Month: April 2017

Overview: The Talent Delusion, by Tomas Chamorro-Premuzic

All organisations have problems, and nearly all of them concern people. These include how to manage employees and motivate them; who to promote, and who to fire.

To address these issues, billions have been spent on interventions to attract and retain the right people. Yet despite these efforts, the majority of employees remain disenchanted with their careers.

How is this so?

In The Talent Delusion, Professor of Business Psychology and CEO of Hogan Assessments Tomas Chamorro-Premuzic places the blame firmly on existing management practices. More specifically, Chamorro-Premuzic argues that this state of affairs is due to the science-practitioner gap: the gap between what psychological science knows, and what managers practice. “Psychology, the science of understanding people, should be a pivotal tool for solving these problems, yet most organisations play it by ear.” (p. xiii).

The ‘war on talent’

What indications are there that organisations are failing to attract and retain talented people? There are four global macro-economic trends which Chamorro-Premuzic highlights (p. 10):

  • The ‘disengagement epidemic’: that the majority of employees are disenchanted with their jobs.
  • Passive job seekers: that most people are open to new job opportunities, despite being employed.
  • The growing appeal of self-employment: The level of people who quit their jobs to work for themselves, independent of economic cycles.
  • The rise of entrepreneurship: That entrepreneurship has become one of the most desirable career paths, despite the marginal odds of success.

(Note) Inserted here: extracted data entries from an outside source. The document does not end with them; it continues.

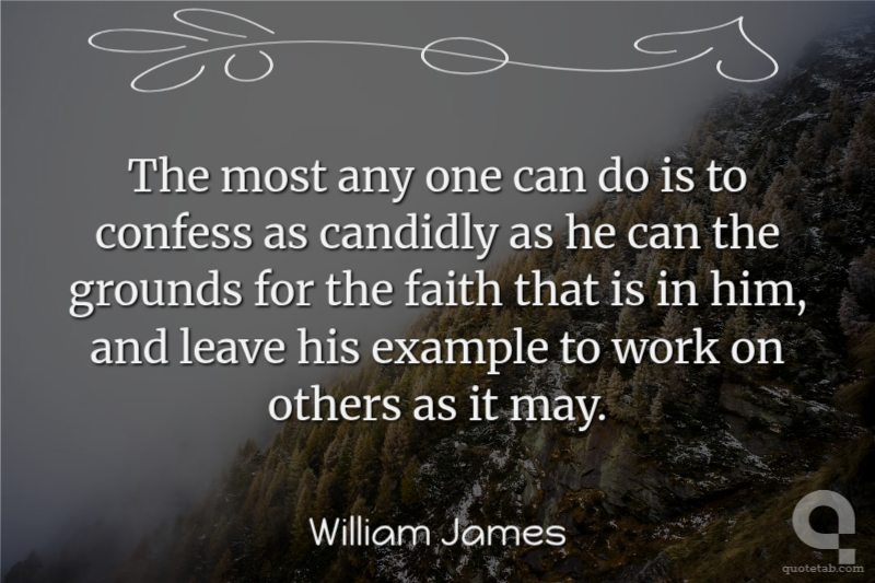It is only by risking our persons from one hour to another that we live at all. And often enough our faith beforehand in an uncertified result is the only thing that makes the result come true.
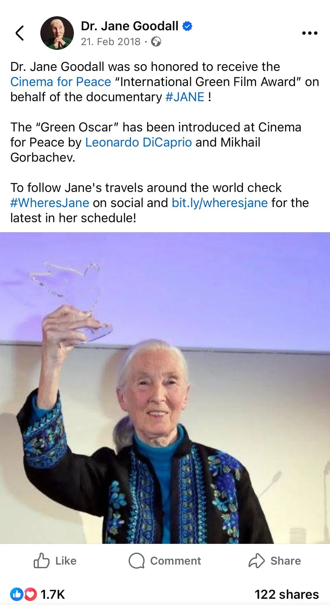 Two films stand as profound milestones. „Jane's Journey“ (2009), directed by David Hess and David Johnson, follows the septuagenarian Goodall on a whirlwind tour, blending archival gems with her urgent pleas against chimp exploitation. Premiering at Tribeca, it clinched the Cinema for Peace International Green Film Award, celebrating film's power to drive environmental advocacy. Then came „Jane“ (2017), Brett Morgen's Oscar-nominated masterpiece, unearthed from over 100 hours of van Lawick's unseen 16mm footage in National Geographic's vaults. Interwoven with Philip Glass's evocative score and Goodall's own narration, it captures her youthful awe amid Gombe's trials, the tool-use epiphanies, the chimp raids on camp, the birth of her son Grub while confronting the era's darker undercurrents, like colonial shadows. In 2018 the film was awarded the Cinema for Peace International Green Film Award again, which Goodall received in Berlin personally, starting her speech on stage with chimpanzee cries!
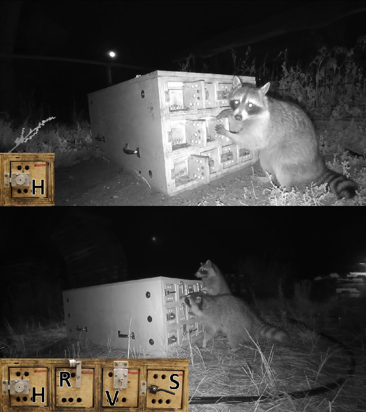 В фокусе исследования оказалась популяция енотов, обитающих в городе Ларами, штат Вайоминг. Ученые разработали два типа головоломок-коробок с лакомством внутри. Первая, с единственным типом замка, была призвана оценить базовый уровень инновационности енотов. Вторая, с четырьмя разными типами замков, позволила глубже изучить их поведенческую гибкость — способность переключаться между различными стратегиями решения задачи.

One can debate whether the reported levels of employee disengagement are accurate. Similarly, one can  question whether employee engagement is actually a real thing. That said, Chamorro-Premuzic argues there are good reasons to believe that most people are not satisfied with their jobs– advising readers to merely type ‘my job is’ into Google to get a sense of this.

Here’s what I got:

My job is...

Rather dramatically, Tomas refers these trends more broadly as ‘the war on talent’—  arguing the push to recognise people as a central asset of organisations has failed to materially impact management practice.

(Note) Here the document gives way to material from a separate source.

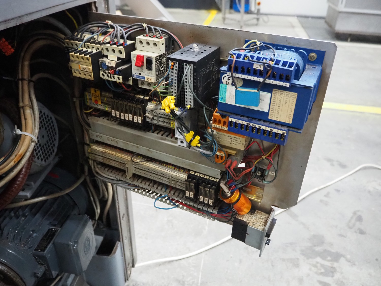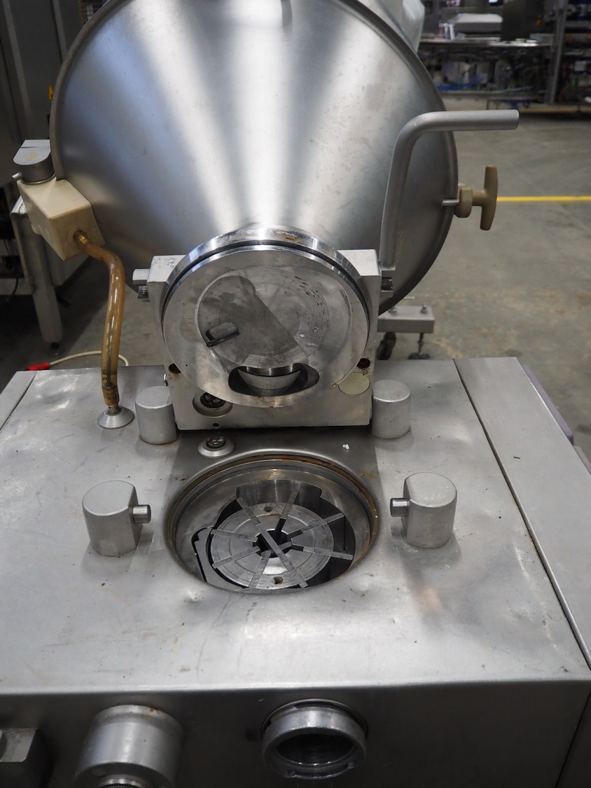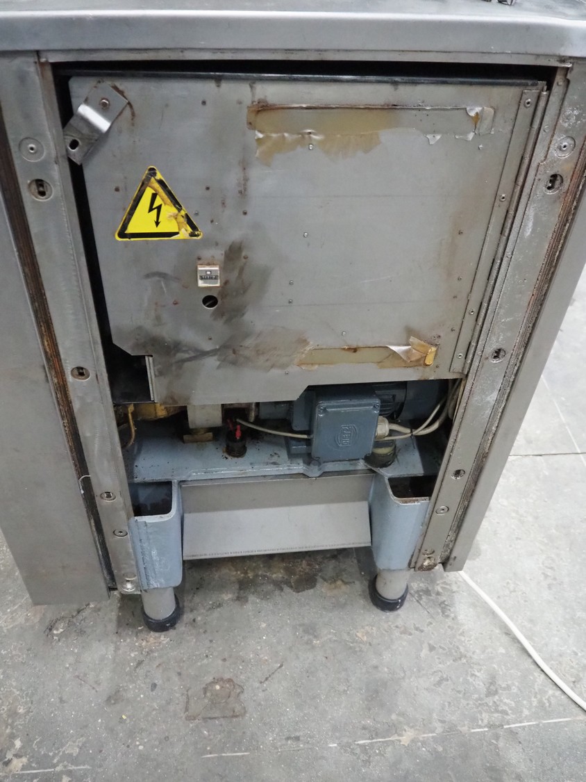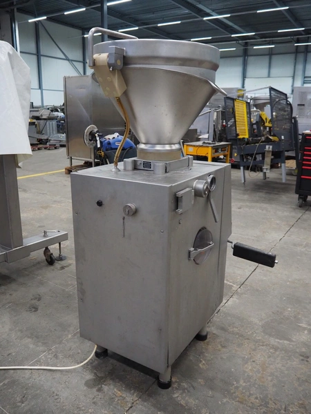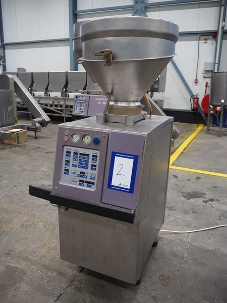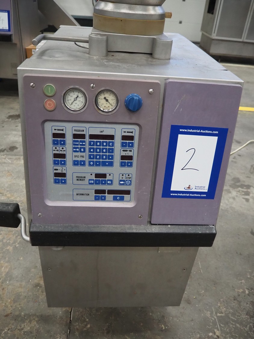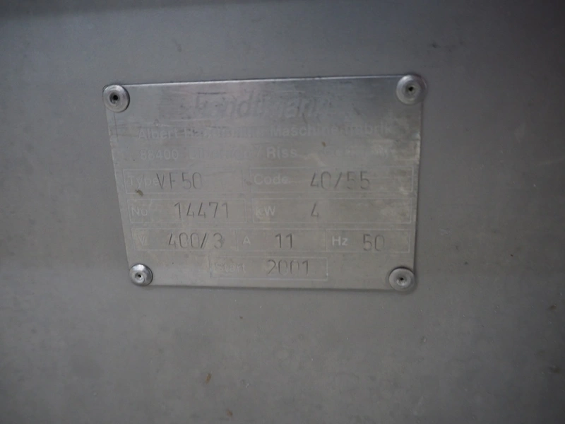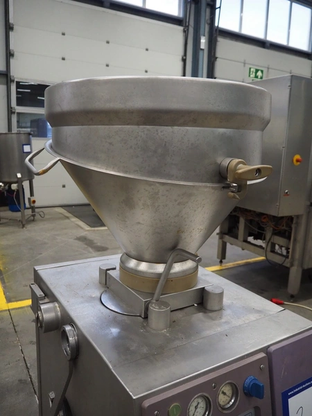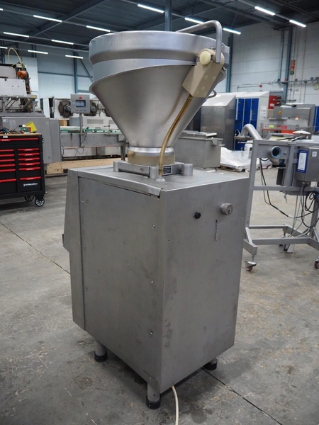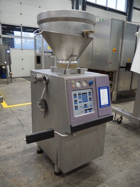 Handtmann vacuum filling machine, type: VF50, number: 14471, year of construction: 2001, 400 V, 3 Ph, 50 Hz, 11 A, 4 kW, dimensions: 900 mm x 550 mm x 1650 mm.

To address these issues, Chamorro-Premuzic argues that a fundamental question must be answered: what exactly is talent?

Defining talent

Several definitions of talent are provided in The Talent Delusion. For example, one perspective is that talent can be defined as the minority of people who disproportionately contribute to the organisation’s success.

One of the definitions congruent with an evolutionary perspective is personality being in the right place. By personality, Tomas means one’s dispositional traits, their values, interests and skills, along with their behaviour patterns– the various facets we talk about when referring to someone’s personality.

When attributes are well-matched to the environment, Chamorro-Premuzic argues they will serve as important ‘career weapons’, complimenting both the individual and the organisation. Conversely if there is a poor match, the individual will be at best irrelevant, or at worst counterproductive. Essentially, “[s]uccessful individuals are deemed talented because of their relative ability to adapt to their environment, but only because they have ended up in environments that make their personalities assets rather than hindrances.” (p. 50).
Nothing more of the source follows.